To exclude the possibility that vertebrate long CNC are associated with known genes, we checked our set of vertebrate CNC for evidence of transcription. We extracted functional annotation from Ensembl, and classified the CNC as either a transcribed (and untranslated) part of an exon, or associated with a gene (within 1000 bp of an exon), or distant (> 1000 bp of an exon). In our set of 3794 non-coding fragments of a minimal length of 100 bp, 506 (13.34 %) are transcribed, 291 (7.76%) are associated with genes, and the remaining 2997 (79.0%) are located further than 1000 bp of any documented gene. This confirms previous reports that human-chicken conserved elements are often located far from genes . It further suggests that most of these elements are not included in transcripts or proximal promoters of documented genes.
The overall frequency of rare alleles tends to increase with sequence identity (3B, 3C). which suggests that human non-coding sequences in distinct identity classes are subject to different evolutionary constraints. These results extend and complement the work of Drake et al . We confirm, based on a separate, unbiased dataset, that CNC sequences are constrained, and that human-chicken conserved sequences, which evolved early in the vertebrate lineage have been maintained under selective pressure until our recent past.

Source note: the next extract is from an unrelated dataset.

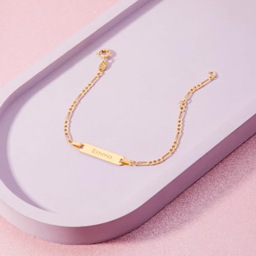 Item display length: 5.5 inchesMaterial: MetalMetal type: Yellow GoldClasp type: Spring RingChain type: Figaro Chain, Link ChainGem type: No gemstone14k Gold: This bracelet is crafted in 14k gold and free from nickel, lead or cadmium; Independently lab tested to ensure it is safe for children with sensitive skinBracelet: This delicately crafted engravable bracelet is carefully designed for children with comfort and safety in mind; This engravable bracelet can be engraved for any young wearer, and also includes an extension for extra comfort on the wristBracelet Length: 5.5 inches (14 cm) - Adjustable to 4.5 inches (11.5cm); Engravable tag ID bracelet (plain rectangle); recommended for ages 6 months - 6 yearsLab-Tested: This bracelet is third-party lab tested and compliant with the Consumer Product Safety Improvement Act (CPSIA) and ASTM F2923, (Standard Specification for Consumer Product Safety for Childrenβs Jewelry)Designed For Children: This bracelet is carefully created with children in mind, prioritizing safety and quality, ensuring the comfort of children throughout the day with appropriate sizing faultless for everyday use. excellent materials and excellent craftsmanship ensure long-lasting durability.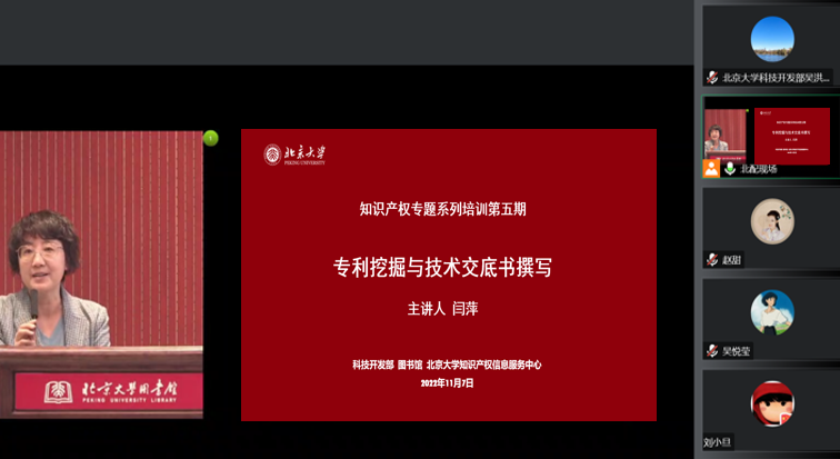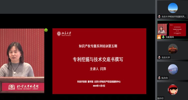11月7日下午,由科技开发部、图书馆、北京大学知识产权信息服务中心、北京大学科学技术协会共同举办的2022年知识产权专题培训第五期——“专利挖掘与技术交底书撰写”培训会成功举办,来自各个院系的线上线下师生共计142人参与培训。

In drosophilids, CNC alignments are less conserved than CDS in most species, but the gap between coding and non-coding increases greatly in more distant species (see e.g. D. virilis and A. gambiae, Figure 4B). This result confirms that the Drosophilids genome has very few long highly conserved sequences. The rapid drop of the mean % identity of non coding alignments is due to the disappearance of CNC conservation in genome alignments of distant species, both for vertebrates and insects. For the most conserved class of vertebrate alignments, 58% of non coding regions are alignable between human and fish, versus 95% of coding alignments (66.48% identity in alignable non coding sequences, 69.23% in alignable CDS). These results clearly show that, in both vertebrates and insects, non-coding sequences have much shorter persistence time than coding sequences.
We analyzed the patterns of conservation of CNC in vertebrates and insects, and introduced for this purpose new methods and concepts. For most analyses, we used a sliding window technique which enables us to compute percent identity statistics for individual bases. This circumvents the problem of fragmenting genomes into conserved regions, a process that is very sensitive to the parameter settings of alignment algorithms and thus not robust. Moreover, there is no guarantee that conserved regions determined by computational procedures represent natural units of genome function and evolution. Our analysis of the persistence length of conserved sequence regions indicates that this approach is effective in unraveling conservation properties that are unique to vertebrate non-coding regions.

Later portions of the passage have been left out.